FWIW, I am loathe to use address space that is not publically routable
for anything I can't rip apart and renumber inside of a few hours.
There are a many ways to give yourself a headache that are far more
Daniel Golding wrote:
Consider the situation where you have a peer or customer who needs to do
ebgp multihop peering from loopback to loopback. This happens
infrequently, but it does happen. You need public IP address space to
(reasonably) make this work. I know you are assuming this won't happen,
but the day you need to provision two OC-12s to the same provider or peer,
and want to load balance them effectively...

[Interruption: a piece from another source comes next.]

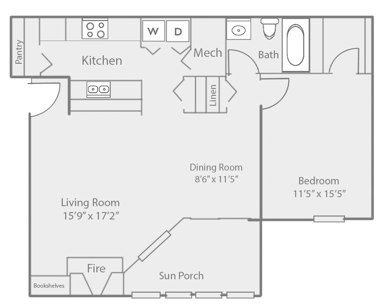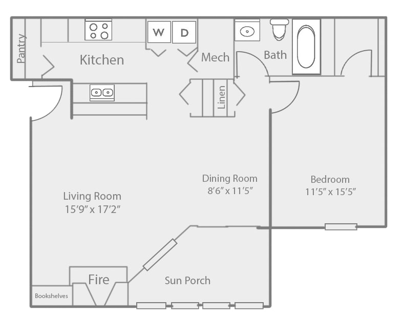 Apartment Model: The BradfordFrom $9641 Bedroom, 1 Bath, 885 sq ftAvailable Now![]()

On Fri, 6 Jun 2003 firstname.lastname@example.org wrote:
I was wondering what are the choices made by Service Providers on the
The context is an IP/MPLS Backbone providing both Internet and BGP-VPN
I have 2 different cases to address :
1) Loopbacks on the backbone routers :
I have the feeling that general practice is to use public IP adresses for
However, considering that these loopbacks are only used for routing
protocols (OSPF,BGP, LDP)
and for network management (SNMP, telnet, ...) and that these addresses
don't need to visible from public Internet
(not seen in traceroute, not seen on Internet BGP announces ...) I am
use private RFC1918 for a new Backbone deployment.
N.B. : Assumption is that e-BGP sessions with Internet peers are done on
public interface IP, not on loopback IP.
Is there some specific case I am missing where public loopback IP is
required, and therefore
private adressing would break something (maybe some Carrier-to-Carrier
scenario ?) .
I also plan to use RFC1918 addresses for Internet CPE routers loopbacks.
2) Loopback on CPE routers of the MPLS VPN customers.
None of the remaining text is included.